04/29/2014 05:34 pm ET Updated Jun 29, 2014

Valpo Burning

MARTIN BERNETTI via Getty Images

Valparaíso was engulfed in flames, but not the one I know.

A city embedded in rainbow colored hills, many residents live their lives watching over the Pacific. Gritty but enchanting, the beauty of Valpo, as it's known in Chile, is hard to understate. Its magic is everywhere. But as any savvy traveler who visits this important seaport city already knows, it can only be found by getting lost -- by roaming aimlessly up and down the narrow stairways and wandering around the endless, cobbled bends. At any vantage point, vibrant street art abounds. When the sun sets, the bright colors are replaced by soft orange streetlights.

Then hell literally breaks loose.

Soon after the fire sparked, apocalyptic images of roaring red and orange began to flood social media and news websites. Several days later, the Chilean government reported that 2,900 houses were destroyed, 12,500 people are now homeless and 15 are dead.

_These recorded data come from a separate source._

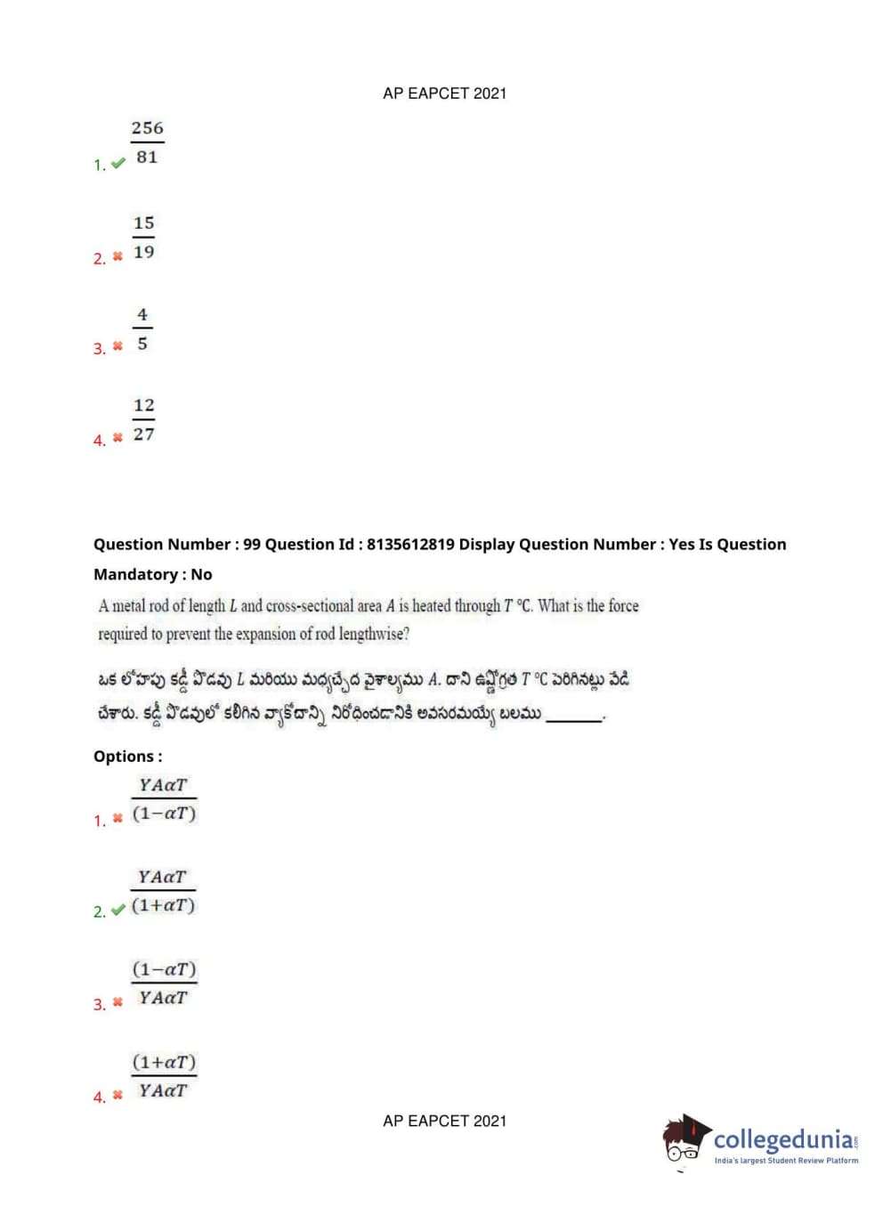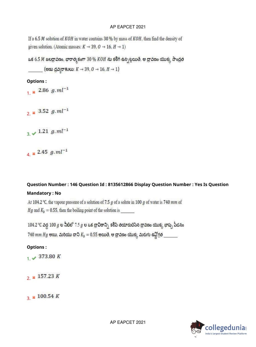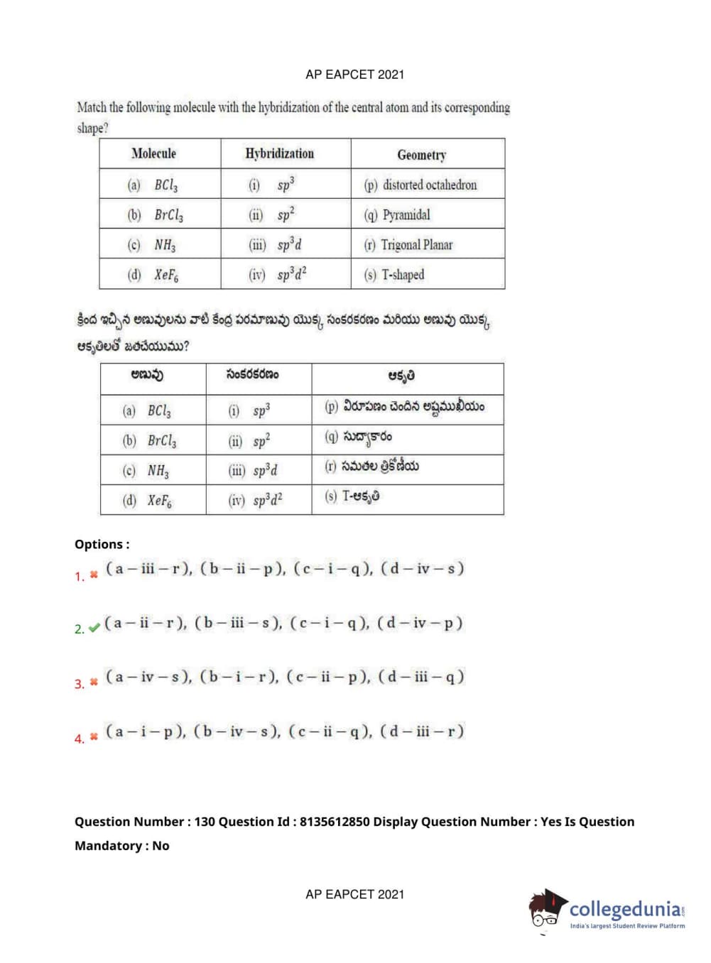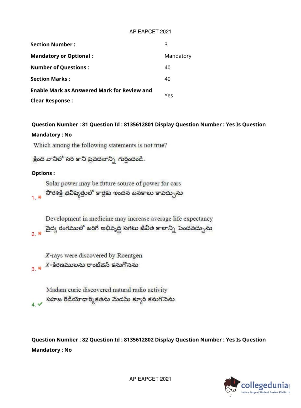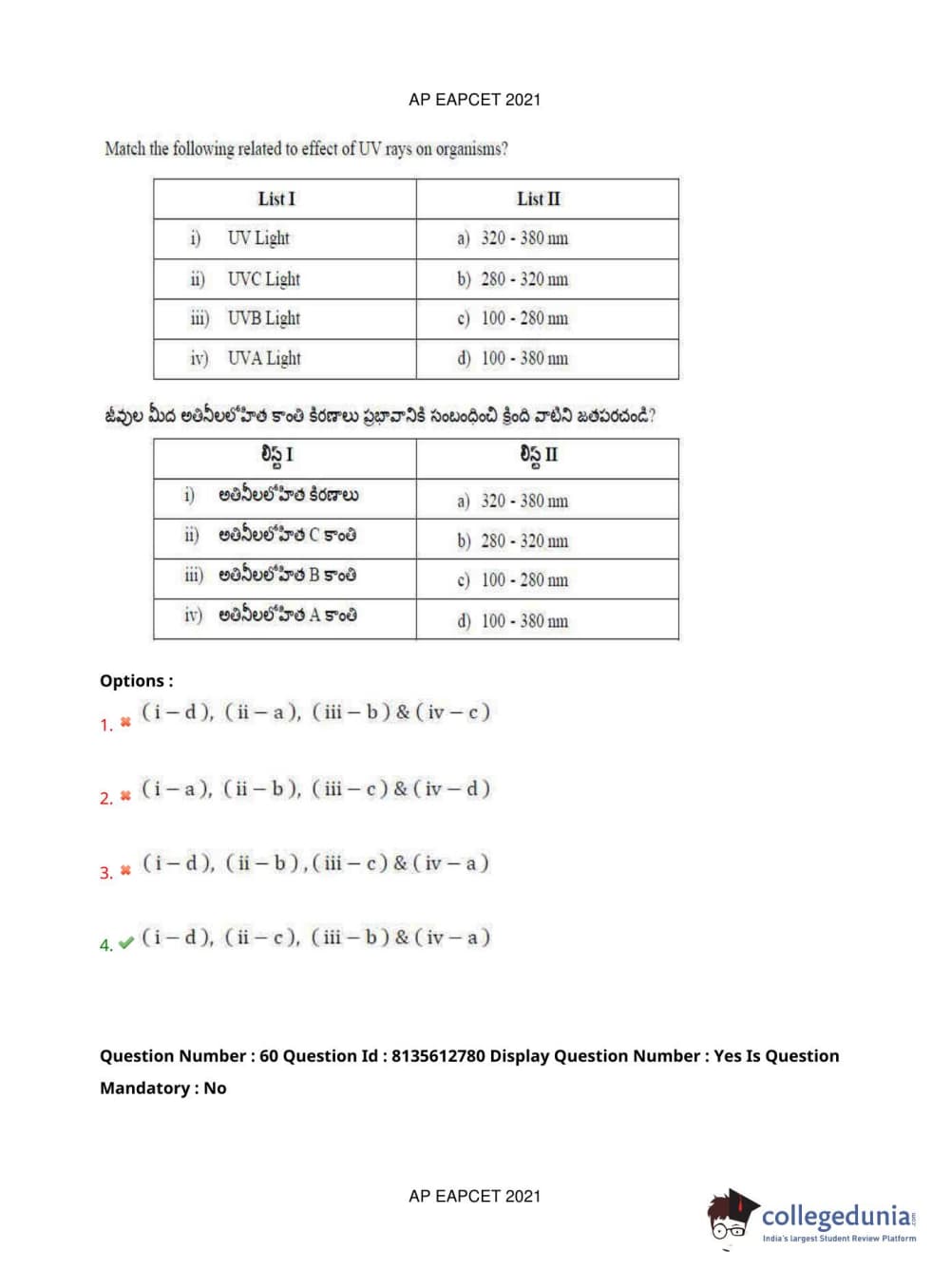 AP EAPCET 2021 Agriculture and Pharmacy Question Paper with Answer Key PDFs Afternoon Session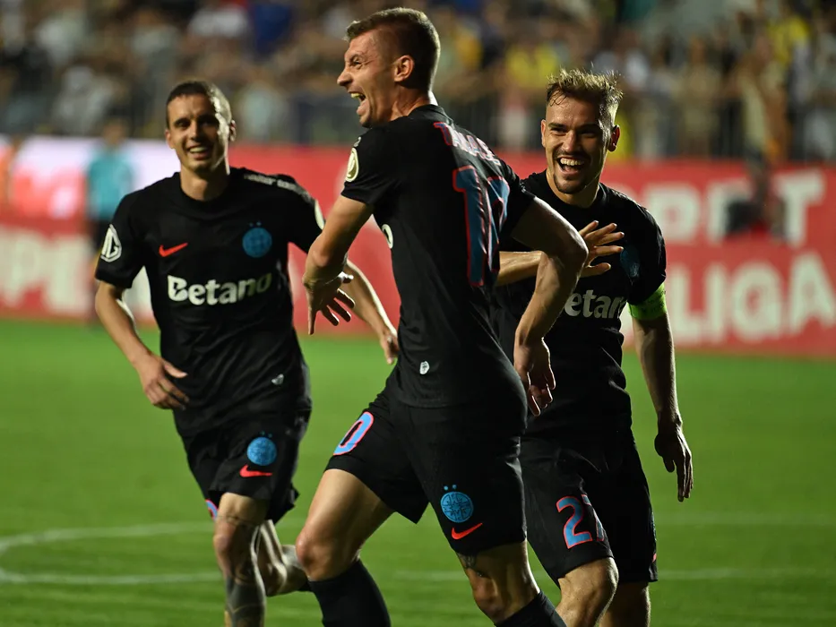 Bucurie a fotbalistilor ros-albastrii Florin Lucian Tănase si Darius Dumitru Olaru dupa un gol marcat in meciul dintre Petrolul Ploiesti si FCSB, contand pentru Superliga Superbet, desfasurat pe Stadionul Ilie Oana din Ploiesti, sambata 19 iulie 2025. © FOTO:Razvan Pasarica/SPORT PICTURES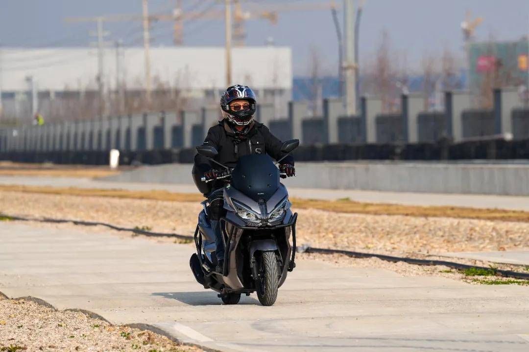 这配置在目前钱江众多150踏板中算顶级的,发动机采用的是两气门动力,带脉冲启停,参数为10.5千瓦/8500转,14牛米/6500转,属于常规水准,比鸿150RS分别小1.7千瓦,小0.8牛米,所以中前段加速体验与鸿150不相上下。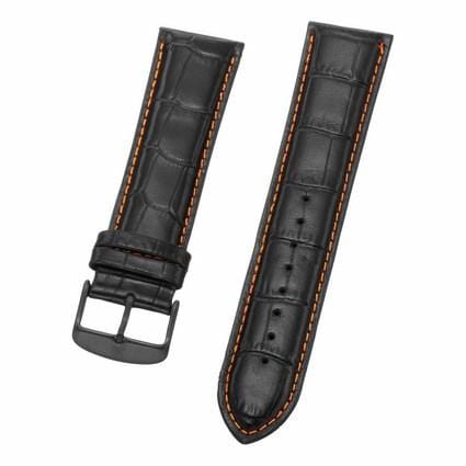 24 mm Black Leather Replacement Strap with a Black Tang buckle. This is a direct replacement for Stuhrling model 279.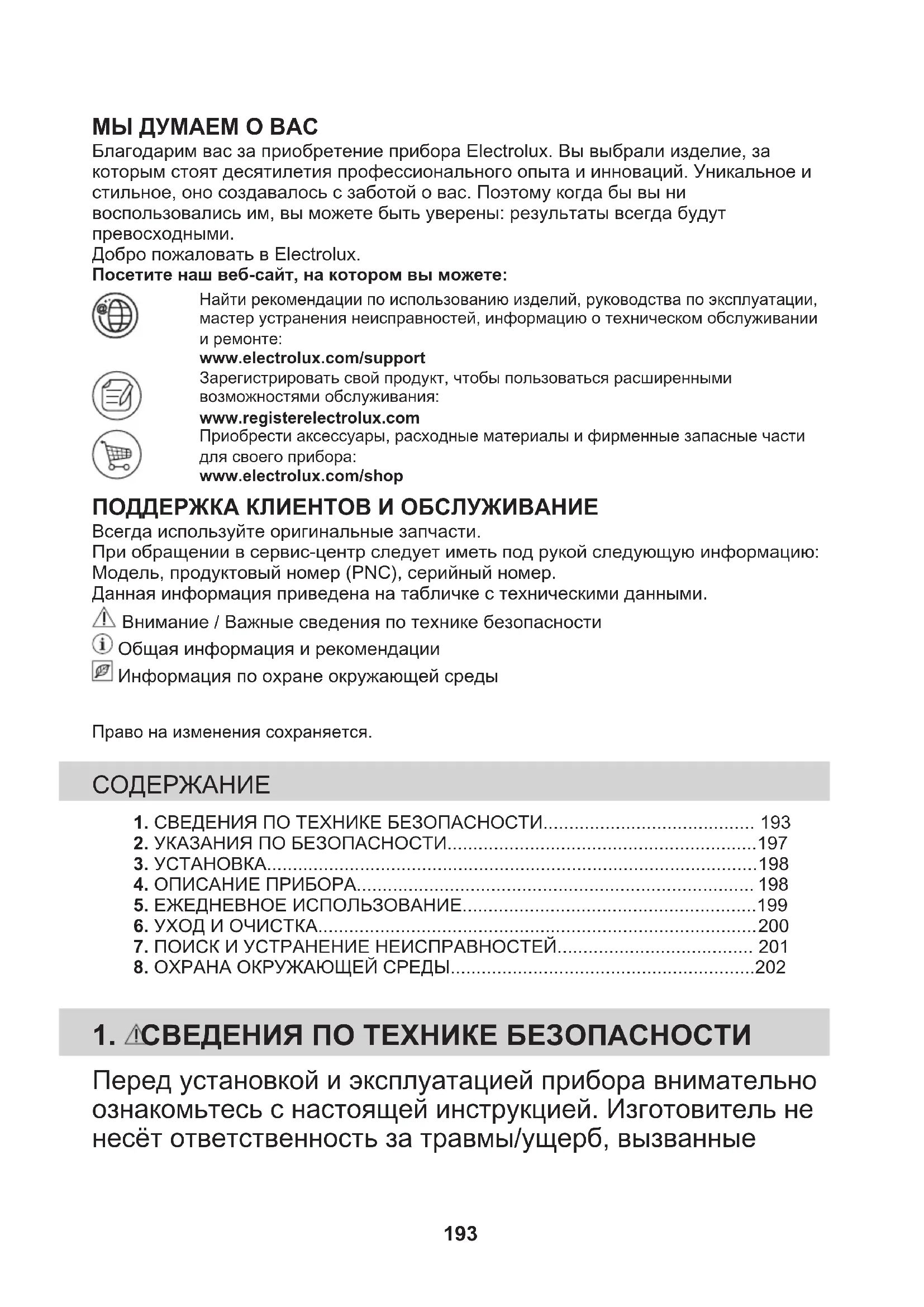 Reciclaţi materialele marcate cu simbolul . Pentru a recicla ambalajele, acestea trebuie puse în containerele corespunzătoare. Ajutaţi la protejarea mediului şi a sănătăţii umane şi la reciclarea deşeurilor din aparatele electrice şi electrocasnice. Nu aruncaţi aparatele marcate cu acest simbol împreună cu deşeurile menajere. Returnaţi produsul la centrul local de reciclare sau contactaţi administraţia oraşului dvs. 192МЫ ДУМАЕМ О ВАС Благодарим вас за приобретение прибора Electrolux. Вы выбрали изделие, закоторым стоят десятилетия профессионального опыта и инноваций. Уникальное истильное, оно создавалось с заботой о вас. Поэтому когда бы вы нивоспользовались им, вы можете быть уверены: результаты всегда будутпревосходными.Добро пожаловать в Electrolux.Посетите наш веб-сайт, на котором вы можете:Найти рекомендации по использованию изделий, руководства по эксплуатации,мастер устранения неисправностей, информацию о техническом обслуживаниии ремонте:www.electrolux.com/supportЗарегистрировать свой продукт, чтобы пользоваться расширеннымивозможностями обслуживания:www.registerelectrolux.comПриобрести аксессуары, расходные материалы и фирменные запасные частидля своего прибора:www.electrolux.com/shop ПОДДЕРЖКА КЛИЕНТОВ И ОБСЛУЖИВАНИЕ Всегда используйте оригинальные запчасти.При обращении в сервис-центр следует иметь под рукой следующую информацию:Модель, продуктовый номер (PNC), серийный номер.Данная информация приведена на табличке с техническими данными. Внимание / Важные сведения по технике безопасности Общая информация и рекомендации Информация по охране окружающей средыПраво на изменения сохраняется. 1. СВЕДЕНИЯ ПО ТЕХНИКЕ БЕЗОПАСНОСТИ......................................... 1932. УКАЗАНИЯ ПО БЕЗОПАСНОСТИ............................................................197

But the biggest fire in the city's history, as President Michelle Bachelet described it, didn't blacken the picturesque scene that I've come to know. During my year abroad in Santiago, I've visited this romantic version of the famous port a handful of times. Opportune photo moments, boutique coffee shops, craft beer and a fair share of getting lost in Valpo's most classic sector mark my affinity for a city that most Chileans now associate with devastation and loss. My vision of a quaint and colorful town hugging the Pacific coast was, at best, far too narrow. After all, the fire flattened large parts of the city that I've never seen.

Chilean outpouring of solidarity in the aftermath has been heartening. Volunteers have flooded the city, doing much of the organizing and resource distributing themselves. Community groups and individuals from across the country and beyond have organized campaigns to get food, clothing and other essential goods to the thousands of victims. Schools in Valpo have become temporary homes for refugees.

The unfailing beauty of tragedy is the unity that follows. It's in disaster that we acquire a heightened sense of connection and become poignantly more aware of the deeper, but rarely acknowledged, truth -- that we really are all in this together.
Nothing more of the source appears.